Phoblographer: Many people talk about what it was like for the band, but what about you as a photographer? You’re out there touring with them. What was it like for you? Would you do it again?
Steve: I’ve never toured intensely like bands do, I’ve only ever done a few days at a time. Remember, I had stories to turn in, and that didn’t involve an hour on Capture One & photoshop with a beer and a wi-fi connection. It involved film processing and darkroom printing. I have been known to use hotel rooms as darkrooms and I often worked all night and delivered the prints in the morning.
Generally, my presence on a tour bus has been fun. Bands enjoy a new face to break up the monotony of travel. Nirvana was no exception. Their bus was a place for quiet contemplation and a place for a great party.
We ended one evening with a party on the tour bus. which involved us watching Frogs and Queen videos. Krist awarded me the prize of a bowling ball and a piece of smashed TV screen for having pulled off the best Freddie Mercury impression.
Phoblographer: Who among the band members did you feel closest to and what about them made you warm up to them specifically?
Steve: That’s like asking me which of my three sons is my favorite. I love them all equally.
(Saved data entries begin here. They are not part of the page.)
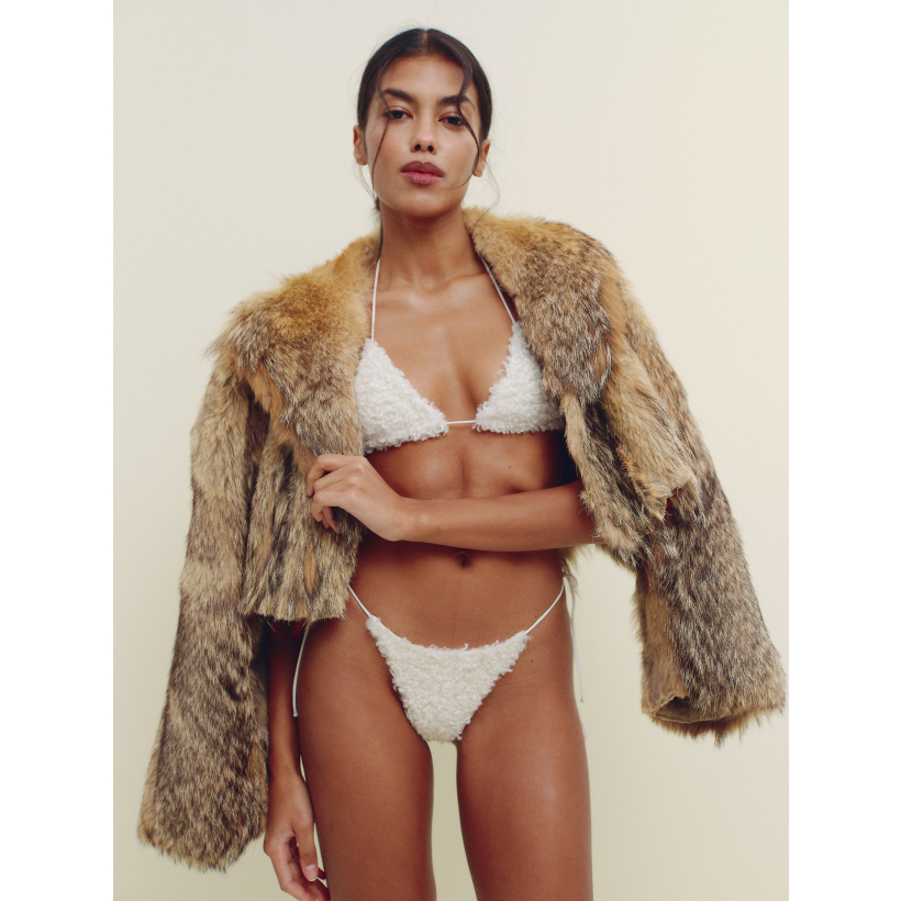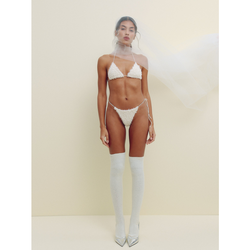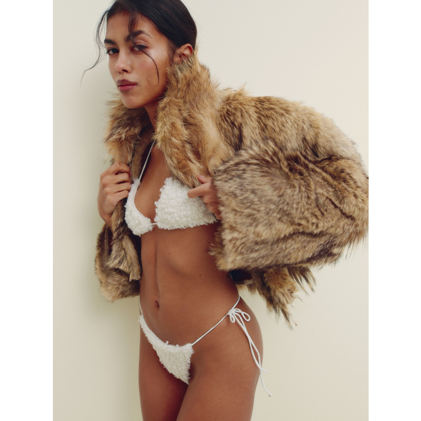 Купальник плавки Apres Ski Bikini створений для зимових відпочинків, коли день на схилах завершується теплом і розслабленням. Ідеальний для джакузі під відкритим небом або спа після катання на лижах — моментів, коли тіло нарешті відпочиває, а навколо тихо падають сніжинки. М’яка плюшева тканина з ефектом teddy огортає комфортом, а мінімалістичний крій на тонких зав’язках підкреслює природну чуттєвість. Цей купальник — поєднання контрастів: засніжені схили й гаряча пара, спокій і спокуса, cozy і bold в одному образі. Додавай топ Apres Ski щоб стилізувати повний комплект.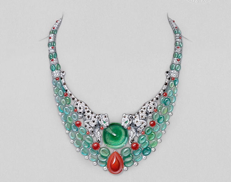 เพื่อเสริมความโดดเด่นให้กับคู่สีนี้ คาร์เทียร์เลือกใช้ดีไซน์แบบสมมาตร โดยวางเสือแพนเตอร์สองตัวที่เผชิญหน้ารอจังหวะพุ่งกระโจนเข้าหากัน สัตว์สัญลักษณ์ประจำเมซงทั้งสองโดดเด่นด้วยความสมจริง ไม่ว่าจะเป็นทรวดทรง ลายเส้น ความถูกต้องตามกายวิภาค ดวงตามรกตอันเฉียบคม ลวดลายจุดดำไปจนถึงปลายออนิกซ์ที่อุ้งเท้า คาร์เทียร์สามารถรังสรรค์ทุกรายละเอียดเพื่อมอบชีวิตให้กับเครื่องประดับสุดตระการตาเส้นนี้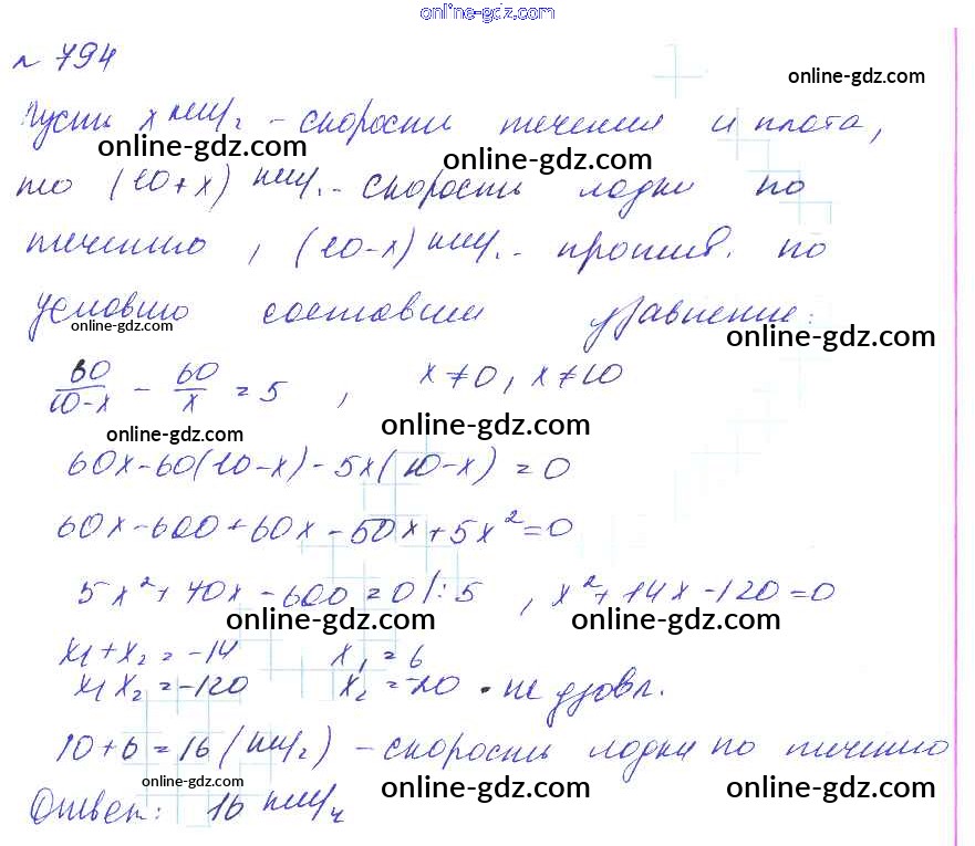 Готовые домашние задания по Алгебре за 8 класс Учебник Макарычев, Миндюк Углубленный уровень 2014 - Упражнения 794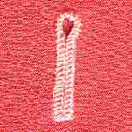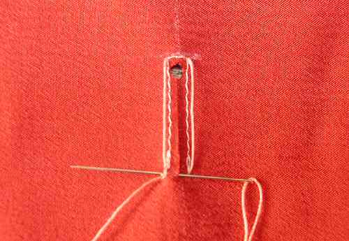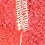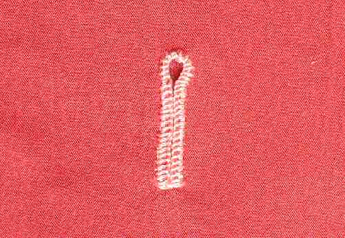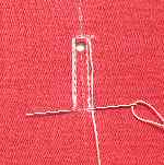 ■穴カガリ縫い(釦ホール) 本来は、手縫いの穴カガリをする時に、もちいられる縫い方です。穴カガリミシンが開発されてからは、はやくて美しくできるので、手間のかかる手縫いの穴カガリはなくなり。 ボトムなどのカン、スナップを付ける時に使っています。 |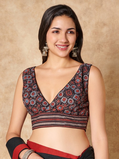 Black Ajrakh Cotton V Neck Ready Made Blouse With Hand Block Print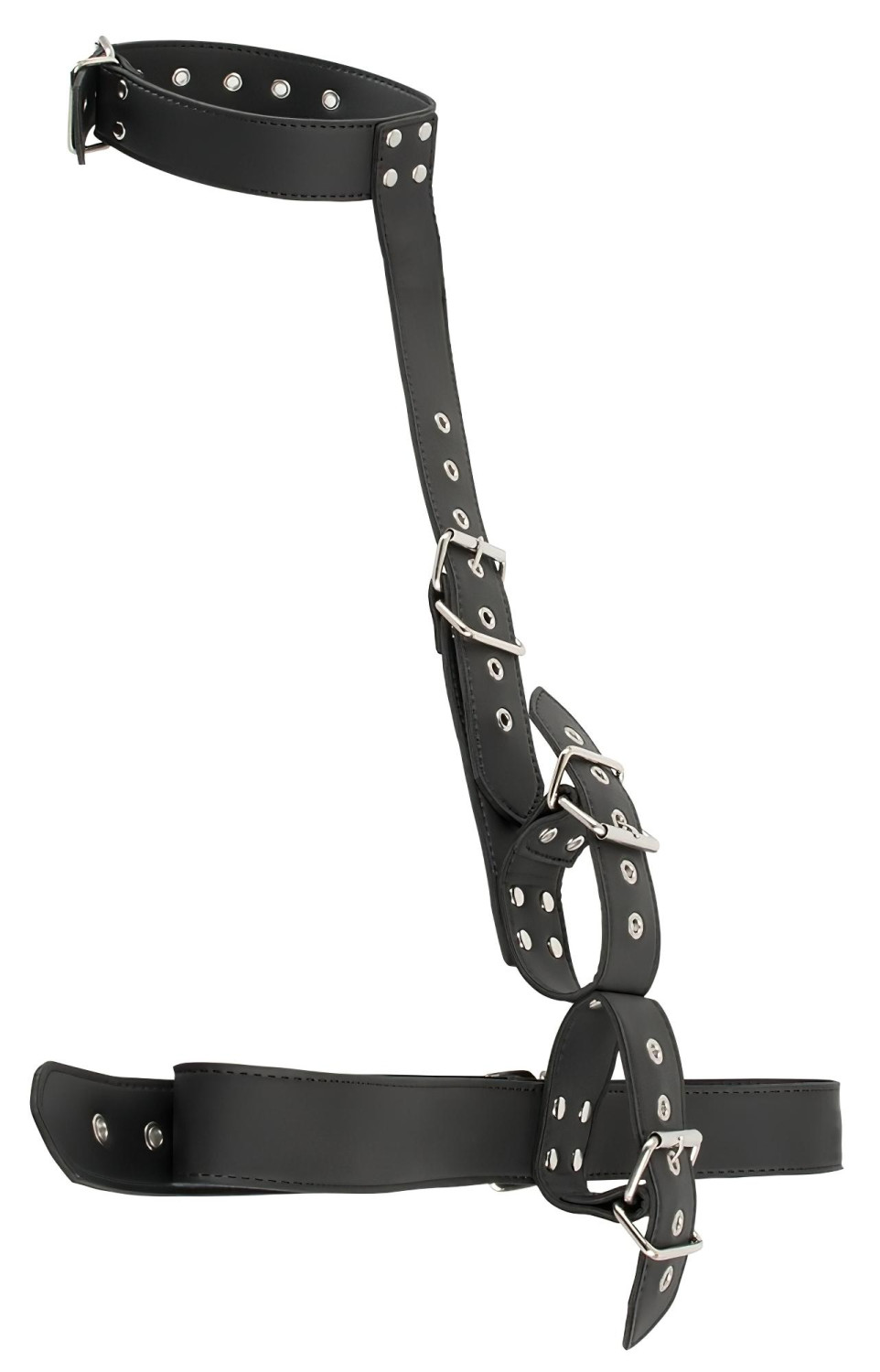 • Start med å feste midjebåndet avhengig av om du vil feste hendene foran eller bak. Deretter justerer du den ideelle lengden for nakkestroppen, og til slutt fester du håndleddene.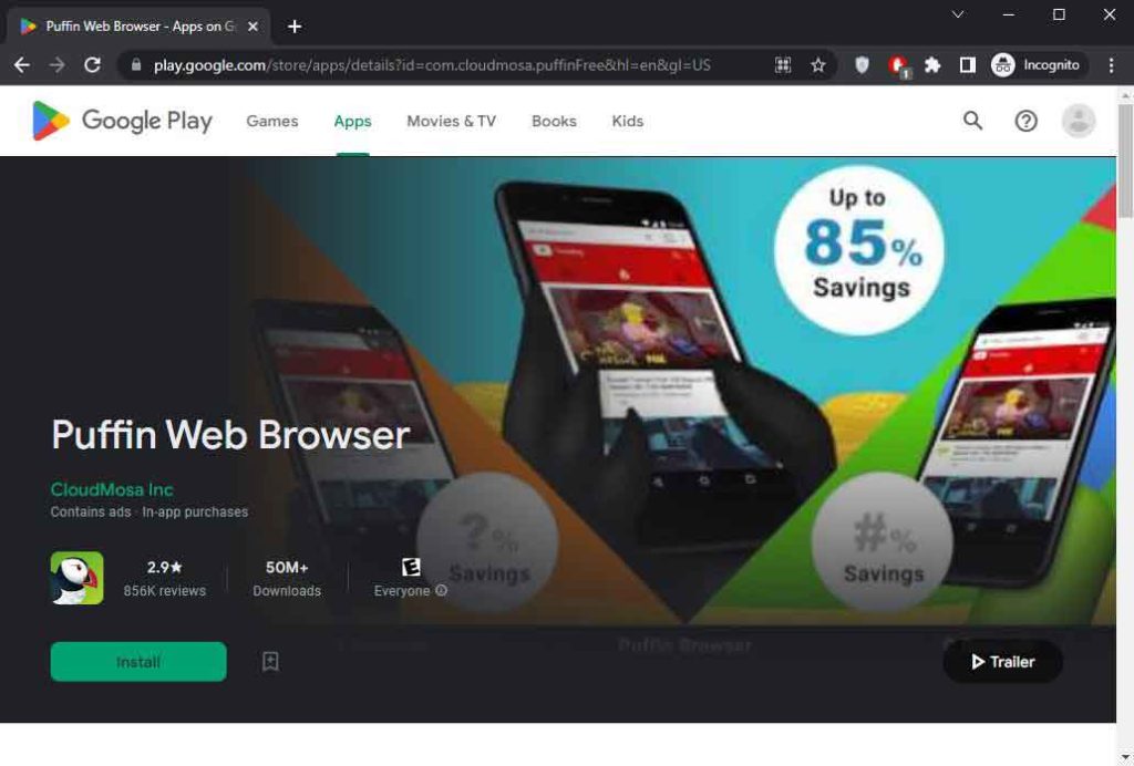 - Puffin Browser – This browser uses cloud servers that improve page loading speed and end-to-end encryption to safeguard the data and online activities.
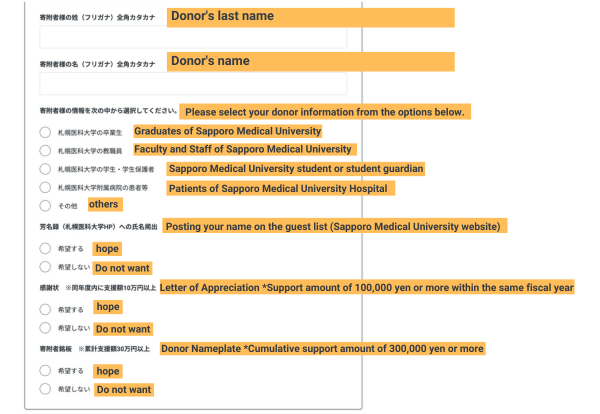 ・芳名録(札幌医科大学HP)への氏名掲出(希望者のみ)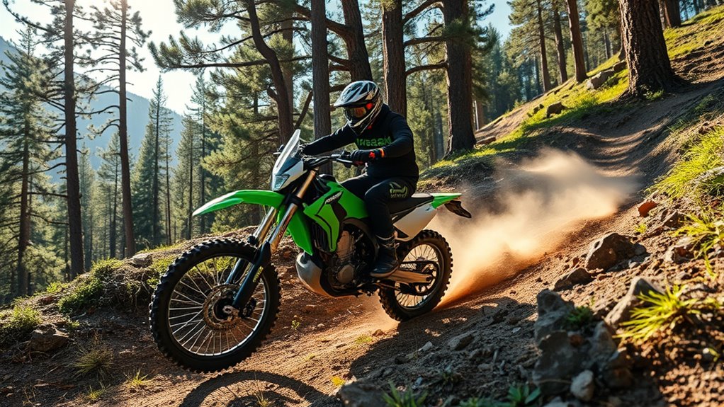 Imagine taking your Kawasaki trail bike through a rugged mountain path, feeling the seamless balance of innovation and performance. Kawasaki’s trail design advancements, like their lightweight chassis and enhanced suspension, make every adventure smoother and more thrilling. For example, picture tackling a challenging trail where other bikes struggle—your Kawasaki handles it effortlessly. With these innovations, you’re not just riding; you’re conquering new terrains. Get ready to redefine your trail experience and push the limits of what’s possible.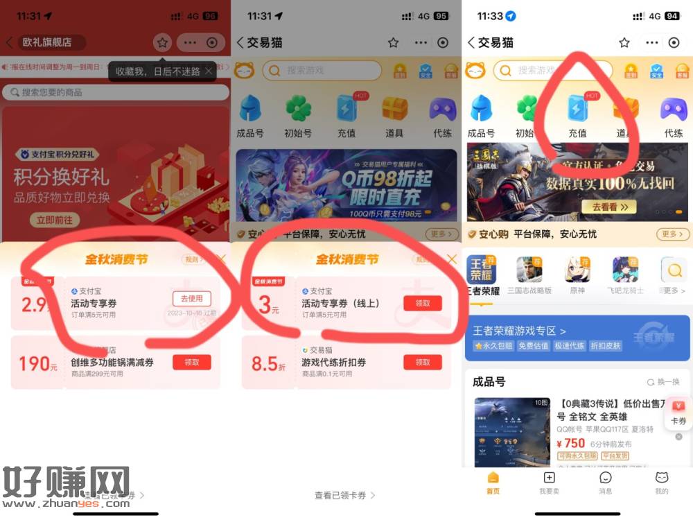 Zfb搜欧礼,交易猫,分开充5个Q币,大概半价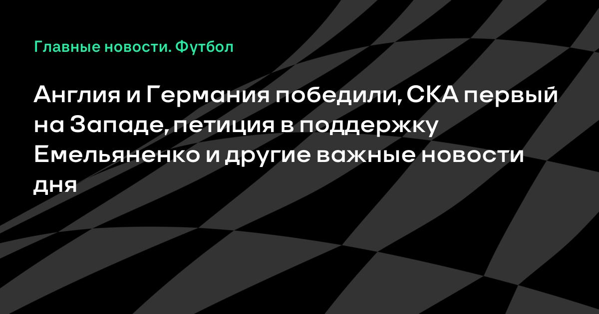 Англия и Германия победили, СКА первый на Западе, петиция в поддержку Емельяненко и другие важные новости дня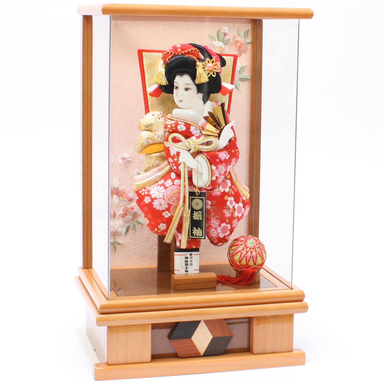 羽子板飾り《商品コード》10308-0161 A 花振袖 金襴 10408-1187 621187 羽子板ケース 杏|初正月|省スペース|おしゃれ|モダン|コンパクト|江戸押絵羽子板|無病息災|邪気払い|無患子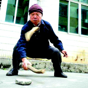 尜,也叫尜尜,其形状正如“尜”这个字一样,两头小,中间大,是一种男孩子爱玩的游戏物件。其制作过程十分简单:在直径三四厘米的杨木棍儿上取下约10厘米长的一小段,找出它的中间位置,然后从中间开始,用刀分别向两端砍削,使其两端都呈尖状,做成中间粗而愈向两端愈细的形状就可以了。做完尜,顺手砍出个几十厘米长的木棍儿(也叫“尜棍儿”),就可以游戏了。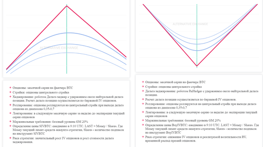 В связи с обилием вопросов о готовых стратегиях биржи АЕ вообще и дельтахедже купленной/проданной волатильности в частности выскажусь публично еще раз. Вот уже некоторое время на бирже АЕ существует продукт – готовые стратегии покупки / продажи волатильности BTC. Технология выполнения данных стратегий по сути одинакова, но с противоположным знаком. Стратегия покупки волатильности подразумевает собой покупку волатильности BTC на центральном страйке с последующим дельтахеджированием купленного стредла по биржевым параметрам IV...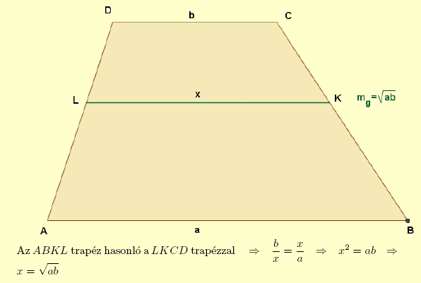 - A mértani közép két egymással hasonló trapézra osztja az eredeti trapézt

Phoblographer: Given the way that the band was going when you were shooting them, if someone had told you that Kurt would commit suicide and Dave would go on to form one of the most influential alternative bands around, how would you have reacted?
Steve: I deal in reality. Kurt’s suicide is a very sad and upsetting fact. Dave has always worked hard and is an unstoppable, creative and lovable bloke. The success of Foo Fighters is well deserved and unsurprising to me.
Phoblographer: Between traveling and shooting, how did you manage your work with film development, sending negatives, archiving, etc?
Steve: Well, as I mentioned earlier, I had to work darkroom time into everything I did. It’s quite simple really. Wake, travel, avoid calls, arrive, take photos, get drunk, travel, avoid calls, arrive, process, print, make developer cocktails, deliver photos, sleep. Repeat for about 10 years.